Description of the task:
Repeat the data exactly as given below, dropping every picture.

[Dataset items]
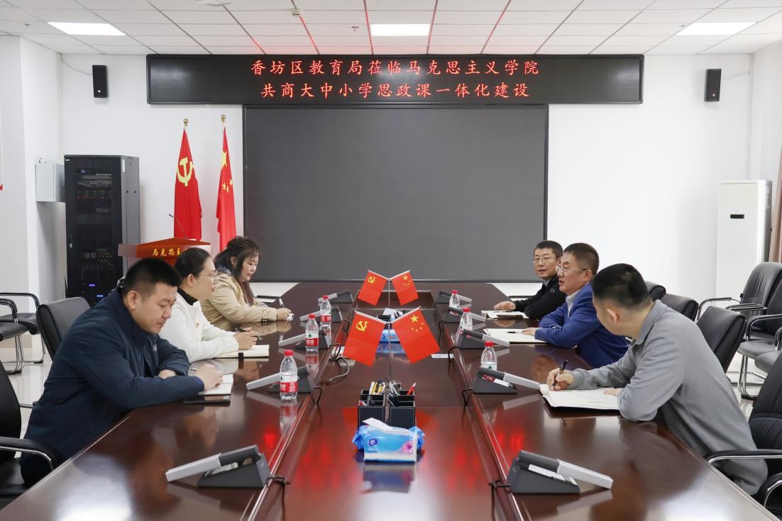 4月23日,香坊区教育局宣传部部长王迎一行到马克思主义学院就大中小学思想政治教育一体化建设相关事宜开展座谈交流,学院副院长刘大勇及部分教研室主任参加此次会议。
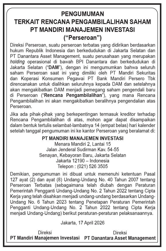 Jakarta, 17 April 2026 – In relation to the proposed acquisition of all shares of PT Mandiri Manajemen Investasi currently owned by PT Mandiri Sekuritas and Koperasi Konsumen Pegawai PT Bank Mandiri (Persero) Tbk by PT Danantara Asset Management (the “Proposed Acquisition”), the Proposed Acquisition will result in the transfer of control of the Company to PT Danantara Asset Management. We hereby inform that the Proposed Acquisition forms part of a strategic initiative in the consolidation of the asset management industry of State-Owned Enterprises (BUMN) under the Himbara Bank Group to strengthen governance, improve efficiency, and create a more optimal economic scale in the national financial sector.
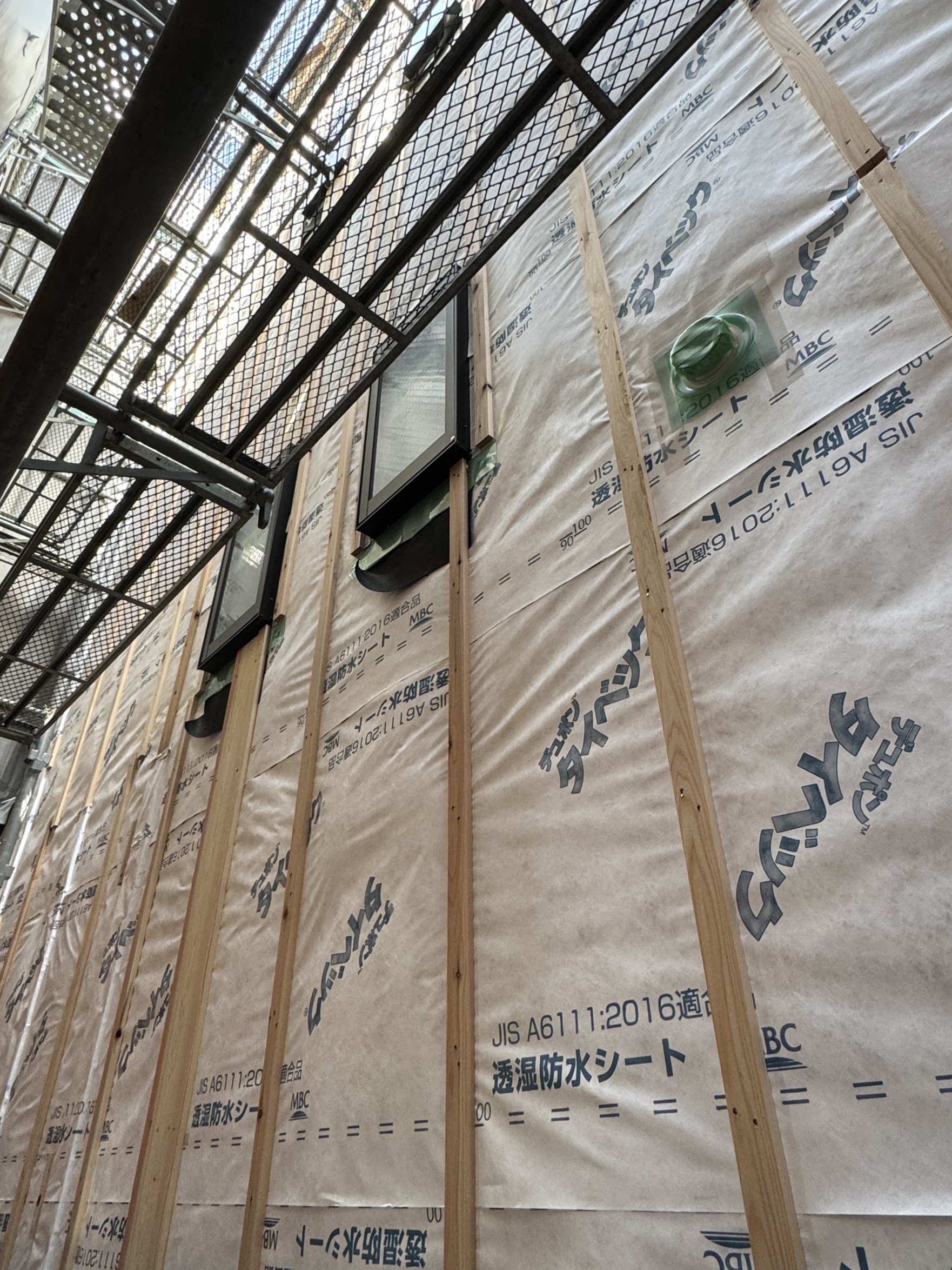 外壁周りの通気胴縁を施工しています。
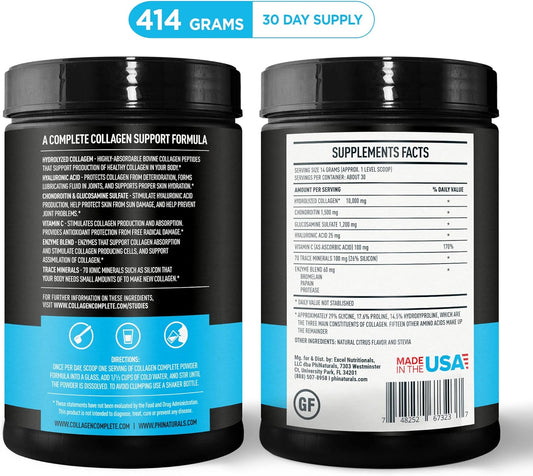PhiNaturals Collagen Complete: Citrus Flavored Protein Blend with 8 Collagen Boosters & Hydrolyzed Peptides - Anti-Aging Supplement for Skin, Hair, Nails, Bones, Joints - Includes Hyaluronic Acid
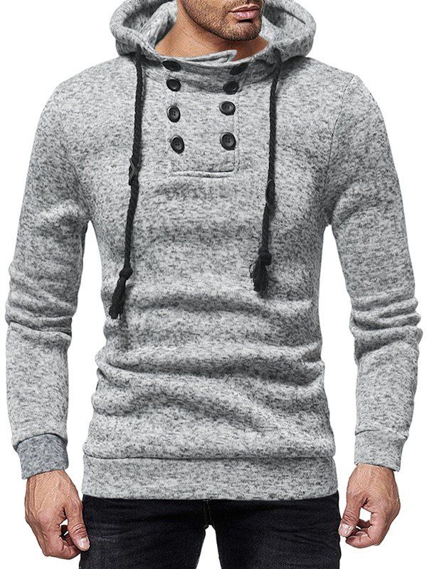 Sweat à Capuche en Tricot Motif Teinté avec Bouton à Cordon - Gris S
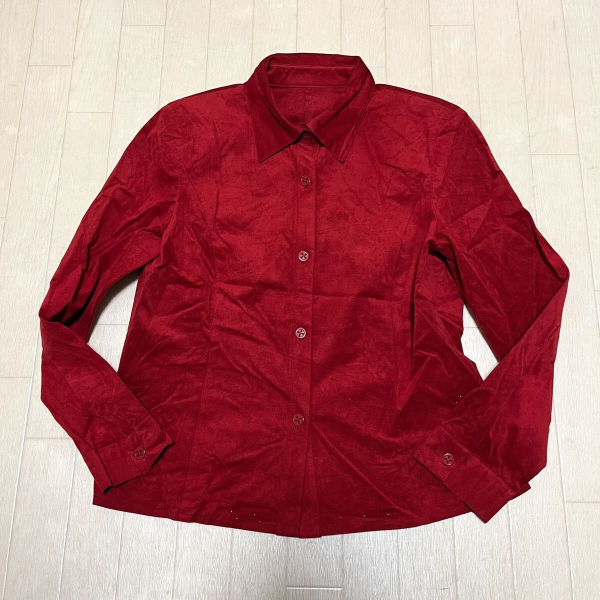- 和853★ Leilian レリアン 長袖 ボタンシャツ パンチング シャツジャケット フェイクスエード 日本製 9 レッド レディース
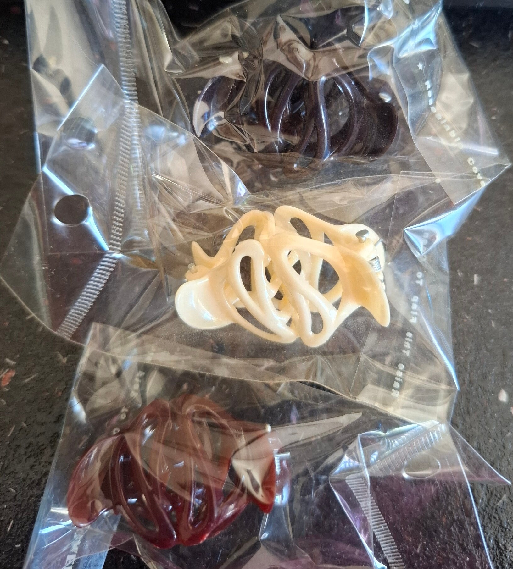 Lot de 6 petites pinces à cheveux design beige, noire et bordeaux
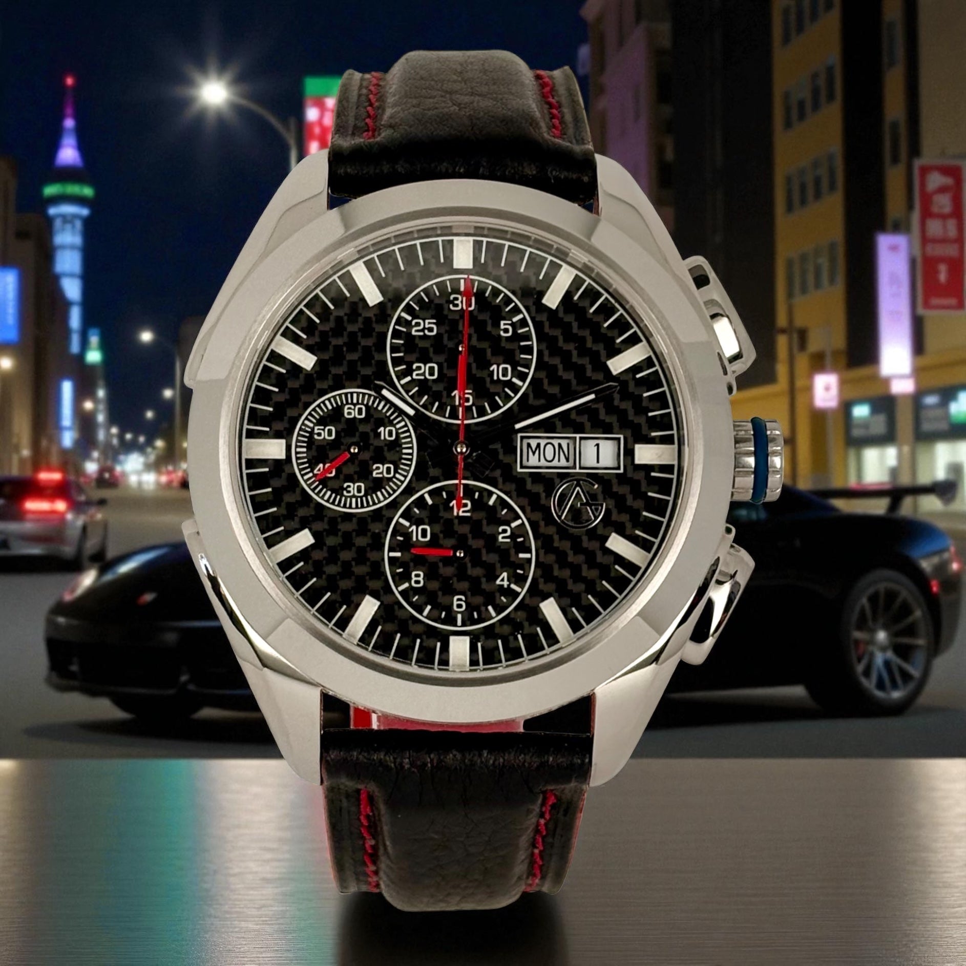 Precision-built chronograph. High-gloss steel case. Deep black carbon fibre dial with motorsport-grade clarity.

Response:
 4月23日,香坊区教育局宣传部部长王迎一行到马克思主义学院就大中小学思想政治教育一体化建设相关事宜开展座谈交流,学院副院长刘大勇及部分教研室主任参加此次会议。
 Jakarta, 17 April 2026 – In relation to the proposed acquisition of all shares of PT Mandiri Manajemen Investasi currently owned by PT Mandiri Sekuritas and Koperasi Konsumen Pegawai PT Bank Mandiri (Persero) Tbk by PT Danantara Asset Management (the “Proposed Acquisition”), the Proposed Acquisition will result in the transfer of control of the Company to PT Danantara Asset Management. We hereby inform that the Proposed Acquisition forms part of a strategic initiative in the consolidation of the asset management industry of State-Owned Enterprises (BUMN) under the Himbara Bank Group to strengthen governance, improve efficiency, and create a more optimal economic scale in the national financial sector.
 外壁周りの通気胴縁を施工しています。
PhiNaturals Collagen Complete: Citrus Flavored Protein Blend with 8 Collagen Boosters & Hydrolyzed Peptides - Anti-Aging Supplement for Skin, Hair, Nails, Bones, Joints - Includes Hyaluronic Acid
 Sweat à Capuche en Tricot Motif Teinté avec Bouton à Cordon - Gris S
- 和853★ Leilian レリアン 長袖 ボタンシャツ パンチング シャツジャケット フェイクスエード 日本製 9 レッド レディース
 Lot de 6 petites pinces à cheveux design beige, noire et bordeaux
 Precision-built chronograph. High-gloss steel case. Deep black carbon fibre dial with motorsport-grade clarity.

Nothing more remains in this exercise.